EXERCISE GOAL — Return the listing exactly as it appears, but strip out the images.

DATASET EXCERPT —

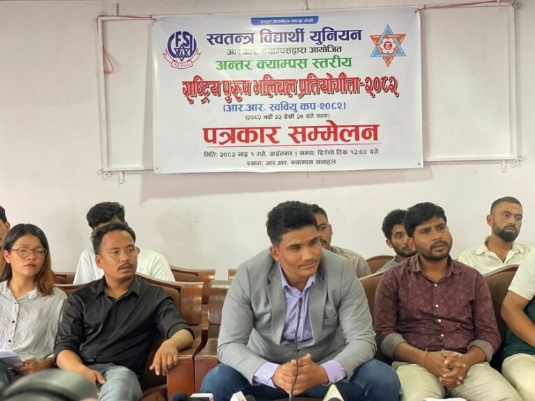 काठमाडौं, १ भदौ । अन्तर क्याम्पस स्तरीय राष्ट्रिय पुरुष भलिबल भदौ अन्तिम साताबाट सुरु हुने
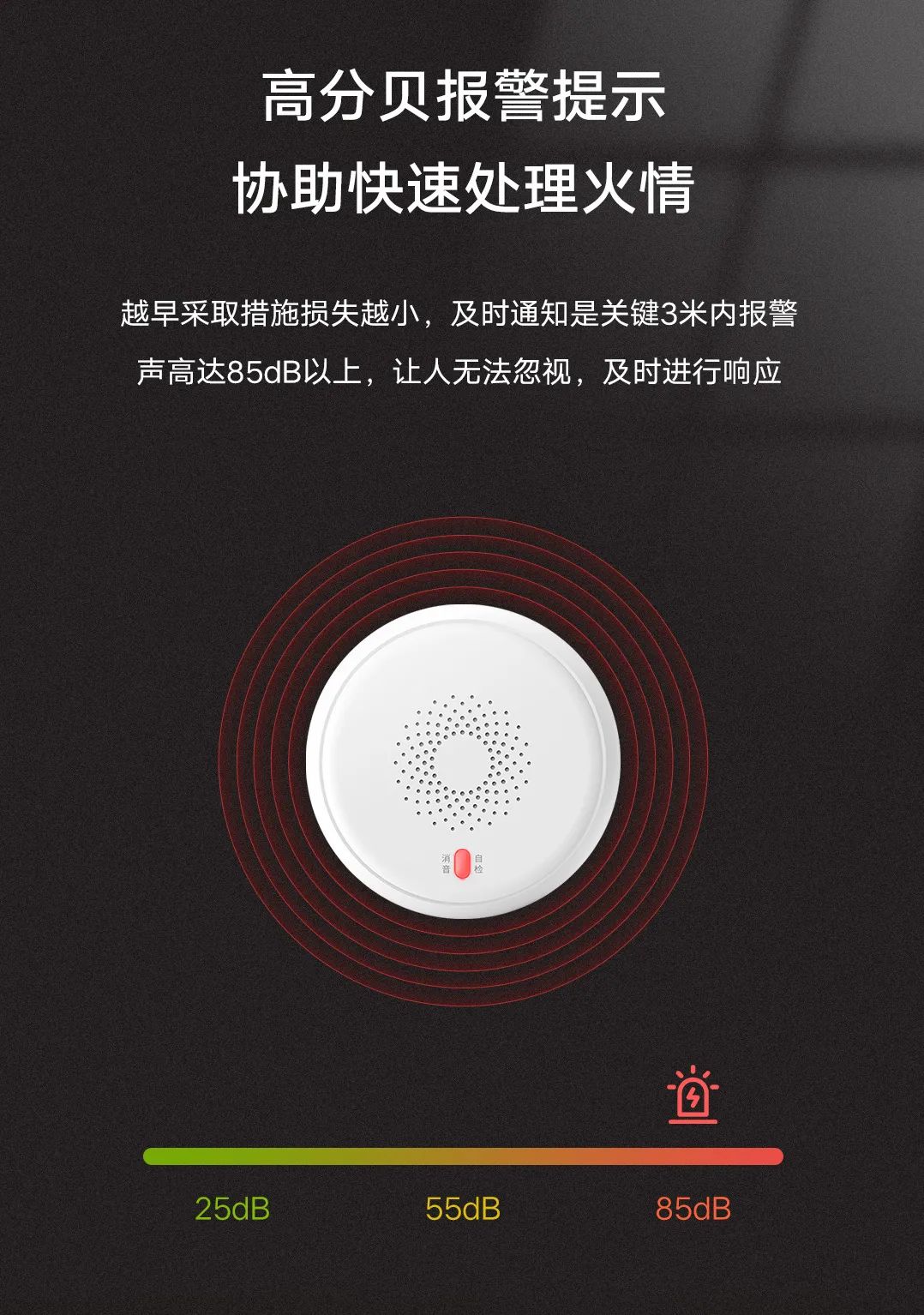烟雾传感器时刻监测区域内的可燃气浓度,检测到烟雾浓度超标将会发出高分贝蜂鸣告警音,并及时推送报警提醒至用户,及时处理遏止火灾险情。
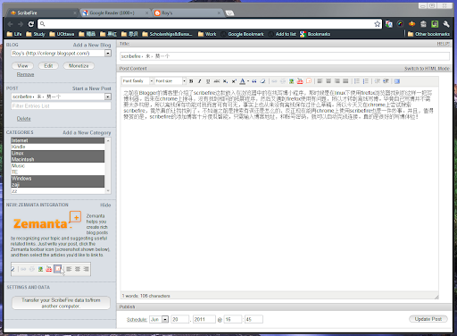 之前在Blogger的博客里介绍了scribefire这款嵌入在浏览器中的在线写博小程序,那时候是在linux下使用firefox浏览器找到的这样一把写博利器。后来在chrome上搜寻,没有找到相同的拓展程序,然后又遇到firefox使用有问题,所以才转到离线写博。毕竟自己写博并不需要太多构思,所以离线保存功能对我而言可有可无,事实上也从来没有离线保存过什么草稿。所以今天又在chrome上尝试搜索scribefire,竟然真的让我找到了。不知道之前是搜索有误还是怎么的,反正现在能再chrome上使用scribefire也是一件妙事。并且,值得赞赏的是,scribefire的添加博客十分傻瓜智能,只需输入博客地址,和账号密码,就可以自动完成连接。真的是很好的写博体验!
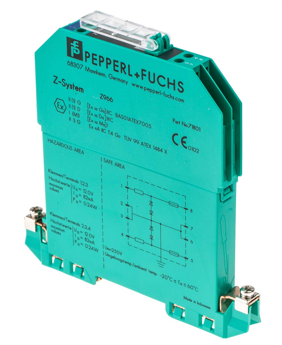 This is Zener Barrier With Analog Input 82mA max manufactured by Pepperl + Fuchs. The manufacturer part number is 261549. It also carries 82ma maximum current. It has a maximum 250v voltage . It has a maximum 82ma safety current . It has a/an zener barrier type module . It has a maximum 250 v safety voltage . It is a zener barrier barrier. The product is certified with atex hazardous area certification. It is supplied with 2 channels. Features 11.1v ac supply voltage. Whereas, the minimum operating temperature of the product is -20°c. The product has -20 → +60°c of operating temperature range. It has a maximum operating temperature of +60°c. It has a safety 166ω current resistance .

SOLUTION FOR THIS PROBLEM —
 काठमाडौं, १ भदौ । अन्तर क्याम्पस स्तरीय राष्ट्रिय पुरुष भलिबल भदौ अन्तिम साताबाट सुरु हुने
烟雾传感器时刻监测区域内的可燃气浓度,检测到烟雾浓度超标将会发出高分贝蜂鸣告警音,并及时推送报警提醒至用户,及时处理遏止火灾险情。
 之前在Blogger的博客里介绍了scribefire这款嵌入在浏览器中的在线写博小程序,那时候是在linux下使用firefox浏览器找到的这样一把写博利器。后来在chrome上搜寻,没有找到相同的拓展程序,然后又遇到firefox使用有问题,所以才转到离线写博。毕竟自己写博并不需要太多构思,所以离线保存功能对我而言可有可无,事实上也从来没有离线保存过什么草稿。所以今天又在chrome上尝试搜索scribefire,竟然真的让我找到了。不知道之前是搜索有误还是怎么的,反正现在能再chrome上使用scribefire也是一件妙事。并且,值得赞赏的是,scribefire的添加博客十分傻瓜智能,只需输入博客地址,和账号密码,就可以自动完成连接。真的是很好的写博体验!
 This is Zener Barrier With Analog Input 82mA max manufactured by Pepperl + Fuchs. The manufacturer part number is 261549. It also carries 82ma maximum current. It has a maximum 250v voltage . It has a maximum 82ma safety current . It has a/an zener barrier type module . It has a maximum 250 v safety voltage . It is a zener barrier barrier. The product is certified with atex hazardous area certification. It is supplied with 2 channels. Features 11.1v ac supply voltage. Whereas, the minimum operating temperature of the product is -20°c. The product has -20 → +60°c of operating temperature range. It has a maximum operating temperature of +60°c. It has a safety 166ω current resistance .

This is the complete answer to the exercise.